A Linux security vulnerability first discovered more than a decade ago once again poses a threat, Red Hat warned last week, as an exploit that could allow attackers to gain enhanced privileges on affected computers has turned up in the wild.
Users need to take steps to patch their systems to prevent the exploit, known as “Dirty Cow,” from granting access to unprivileged attackers.
“This flaw has actually been in the kernel for a better part of a decade — what’s changed isn’t the vulnerability itself, but rather the manner in which it’s being exploited,” said Josh Bressers, a security strategist at Red Hat.

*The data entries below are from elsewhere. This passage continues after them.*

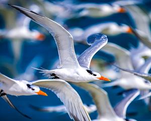 I photographed this flock (a highness) of royal terns off the coast of Marco Island, Florida, and it's one of my favorite bird in flight shots that I've taken to date.
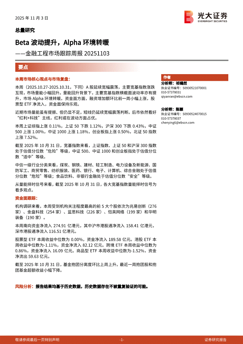 光大证券-金融工程市场跟踪周报:Beta波动提升,Alpha环境转暖-251103
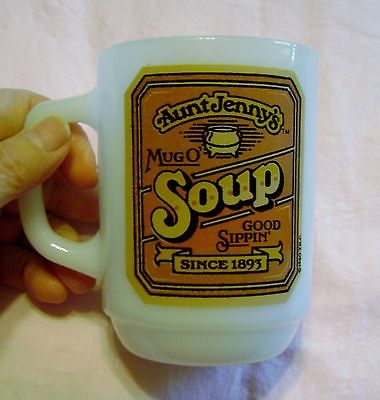 Title (ebay affiliate link): Aunt Jenny''s Soup Anchor Hocking Milk Glass Mug - Vintage
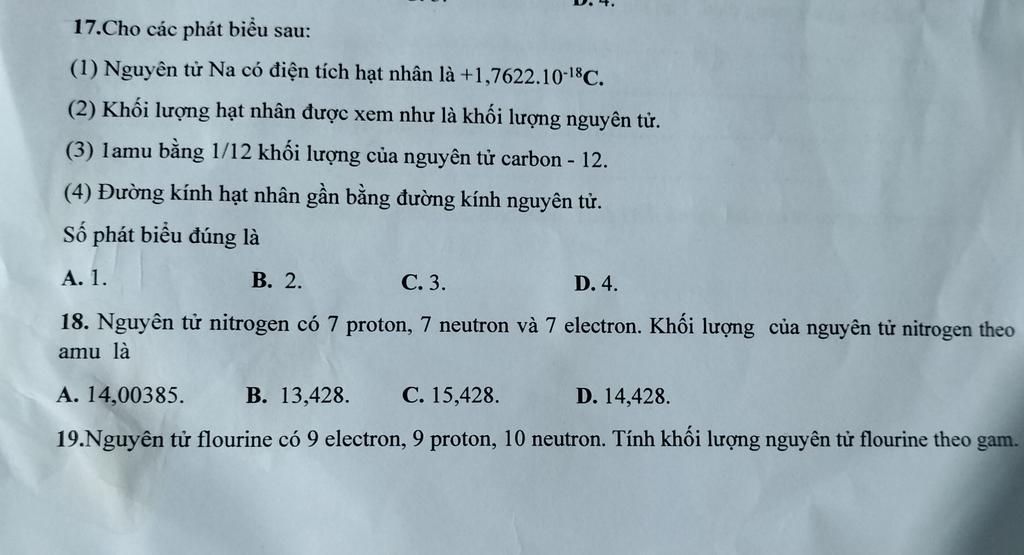 `=>` khối lượng nguyên tử có thể cho bằng tổng khối lượng của proton và neutron hay cũng bằng khối lượng của hạt nhân
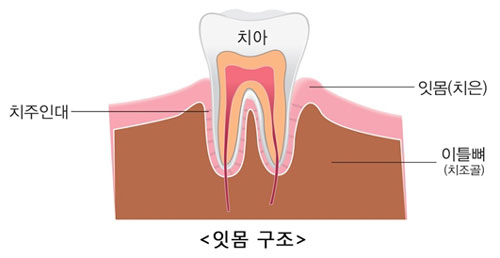 [쿠키뉴스=송병기 기자] 좁은 의미의 잇몸은 치은이라 부르는 곳으로 치아의 목 부분에서부터 치아의 뿌리 방향으로 치조골(치아의 뿌리가 박혀 있는 턱뼈의 치아 쪽 일부분)을 덮고 있는 분홍색 점막조직을 말한다.
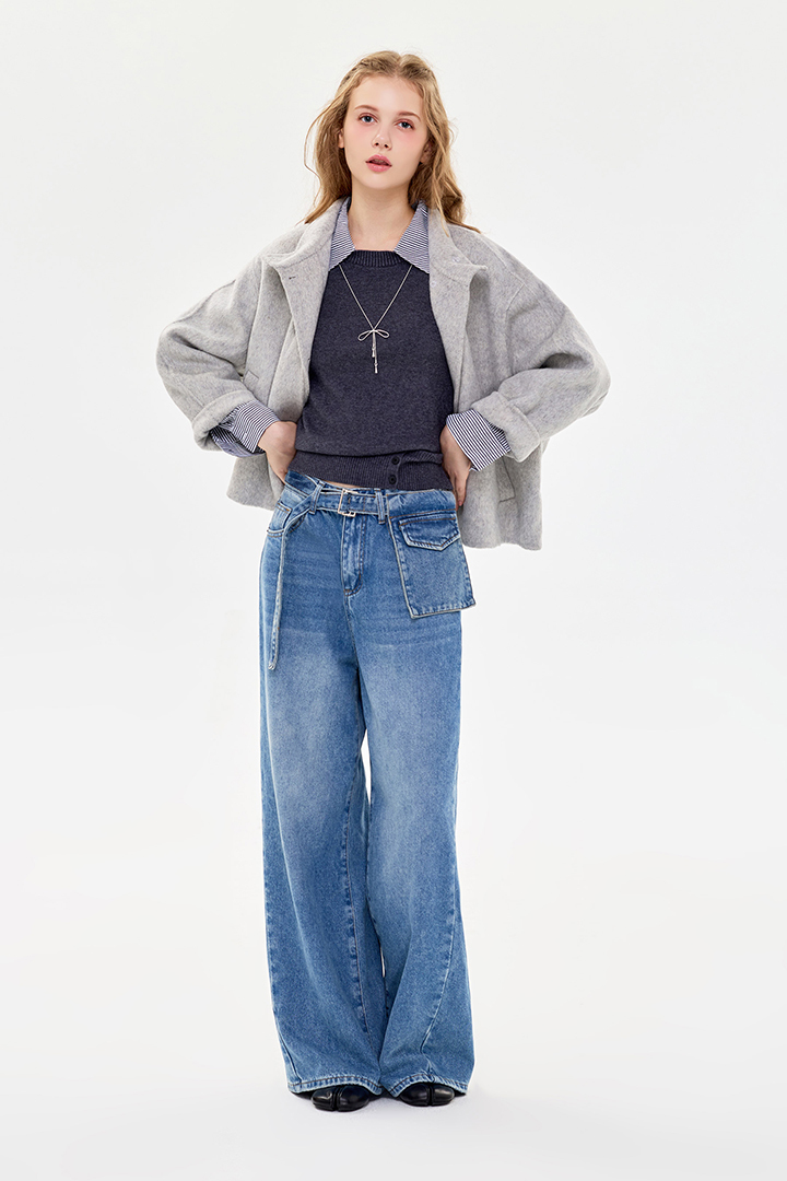 腰包造型實用增層次,牛仔布挺順耐穿,長版線條俐落有型。
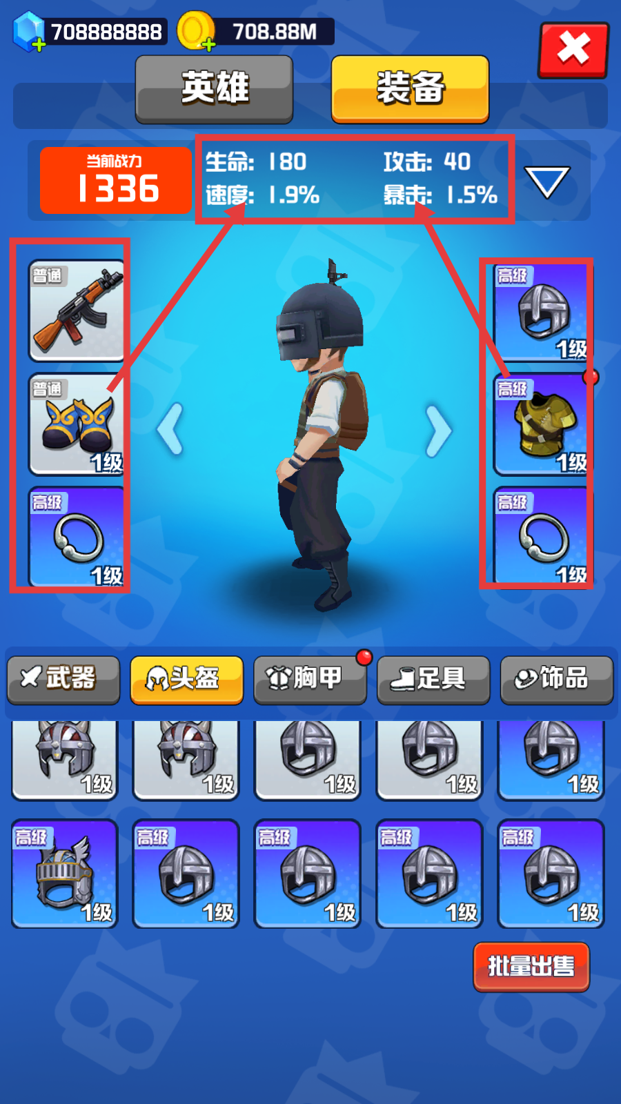 2、在装备界面,搭配【普通-高级】装备,提升【生命-攻击-速度-暴击】属性,强化当前战力1336,助力战斗。
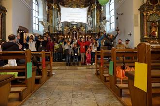 In Kleingruppen konnten die Kinder noch einmal über die Bibel-Geschichte und über das nachdenken, was sie im Leben benötigen und was nicht unbedingt notwendig ist. Zum Vater-Unser-Gebet versammelte Pater Sijoy alle Kinder noch einmal rund um den Altar. Und wie immer begeistere die Musikgruppe mit eingängigen und kindgerechten Liedern die Kirchengemeinde. Zum Abschluss gab es für jedes Kind als Wegzehrung noch einen kleinen Koffer aus Papier mit auf den Weg, in dem sich ein Schokoladenherz versteckt hatte.
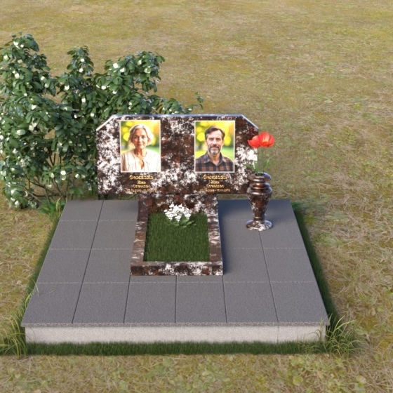 Этот ритуальное изделие (артикул ПГ027) – это не просто надгробный памятник, это способ выразить вашу любовь и уважение к ушедшему близкому человеку. Его строгая, но в то же время элегантная форма, с аккуратно скошенными углами верхней части, символизирует сдержанную скорбь и вечную память. Зеркальная полировка черного камня создает эффект глубины и объема, отражая небо и окружающий мир, словно напоминая о том, что душа усопшего нашла свой покой. Прямоугольная стела, установленная на подставке, выглядит лаконично и достойно. На полированной поверхности отчетливо видны портреты усопших, выгравированные с высокой точностью и детализацией. Композицию завершает ваза из того же материала, в которой можно разместить живые или искусственные цветы, как символ непреходящей любви и памяти. Одинокий красный мак, помещенный в вазу на изображении, служит трогательным акцентом, напоминающим о хрупкости жизни и необходимости ценить каждый момент.
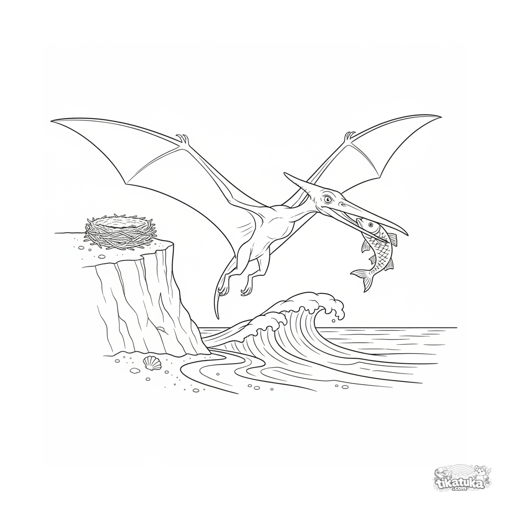 Раскраска для детей 7-9 лет: птерозавр летит над волнами древнего океана, неся рыбу к своему гнезду на песчаном утёсе. Умеренная детализация, выразительный фон.
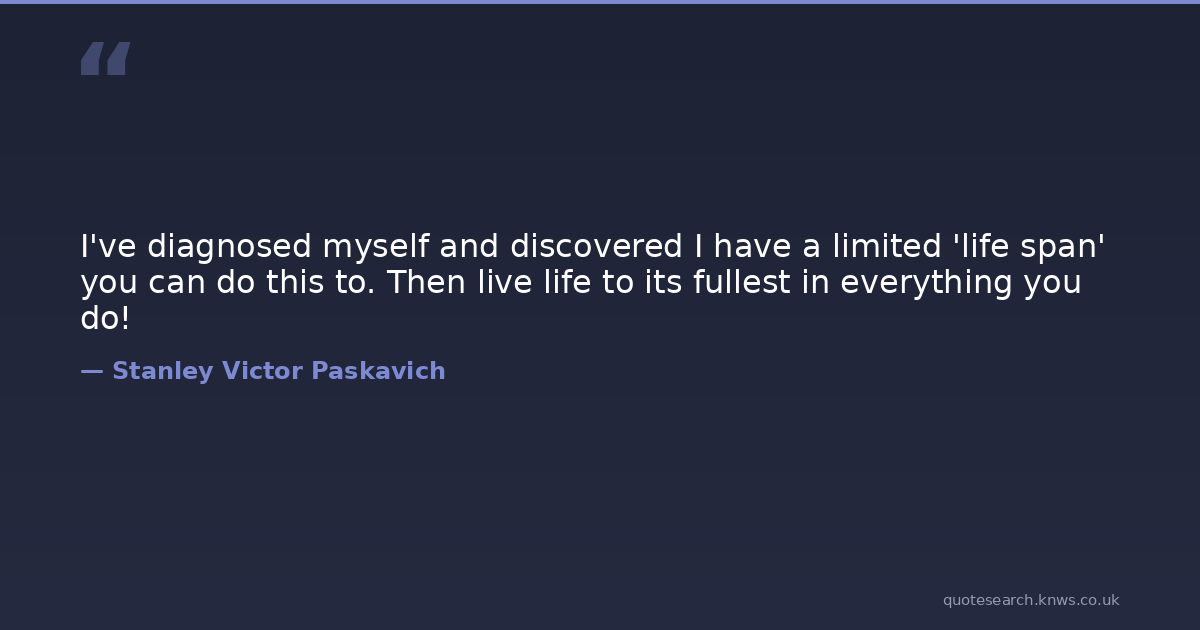I've diagnosed myself and discovered I have a limited 'life span' you can do this to. Then live life to its fullest in everything you do!
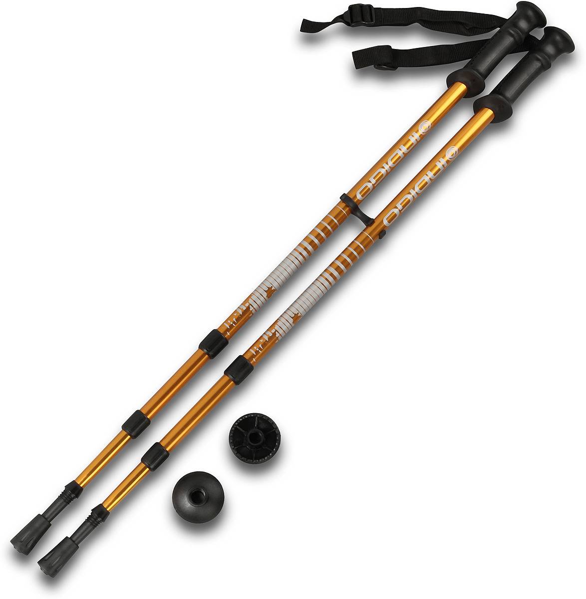 Телескопическая палка состоит из нескольких полых трубок, которые входят одна в другую. Обычно трубок три, их диаметр 14, 16 и 18 мм. Все части фиксируются, а длину можно настроить – от 60 до 145 см. Главный недостаток – большой вес – от 300 до 500 г. Для ходьбы по горной местности это слишком много.
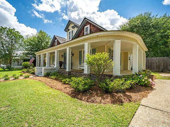 This beautiful updated 1920's home with a wraparound front porch and other elegant details in this home add to its charming character and story. The hardwood floors, towering ceilings, grandiose foyer, leaded beveled glass front windows, custom kitchen with stainless steel appliances, gas Wolfe cooktop, double oven, and an island with an undercounter wine cooler in this home screams elegant. The upstairs bedroom is spacious and secluded with a fireplace. The spacious backyard features a screened patio and several established trees, making it ideal for outdoor gatherings. The home's location is also appealing, as it is one block from the high school and a short walk down the city sidewalks to the center of town in Headland. Come tour this historic house and you will be enchanted by its special charisma and personality.
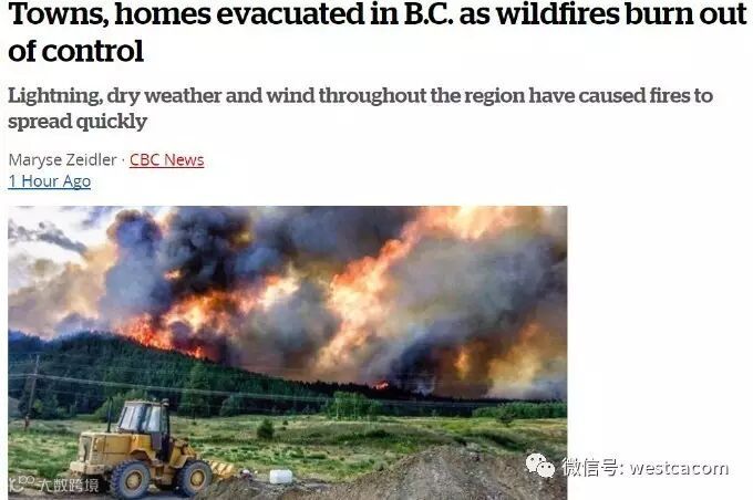 由于连续高温干燥,BC省内陆多处山火持续,BC省运输厅于昨晚(7月8号)宣布BC省进入紧急状态,周五下午已经有超过1万人需要紧急疏散。

“As attack methods have become more sophisticated, hardware has become faster, and the kernel [has become] more predictable, a bug that was once thought to be impossible to exploit is now possible to exploit,” he told LinuxInsider.
Out of the Shadows
Linux security researcher Phil Oester rediscovered the flaw while examining a server that appeared to have been under attack, he told V3.
A “race condition” was found in the way the Linux kernel’s memory subsystem handled copy-on-write breakage of private read-only memory mappings, Red Hat explained in last week’s security update.
Unprivileged local users could use the flaw to access otherwise read-only memory mappings and increase their privileges on the system, the update states. The issue affects Linux kernel packages as shipped with Red Hat Enterprise Linux 5,6,7 and MRG 2.x.
Shipping versions of Fedora are also affected, and Fedora is aware of the flaw, the warning notes.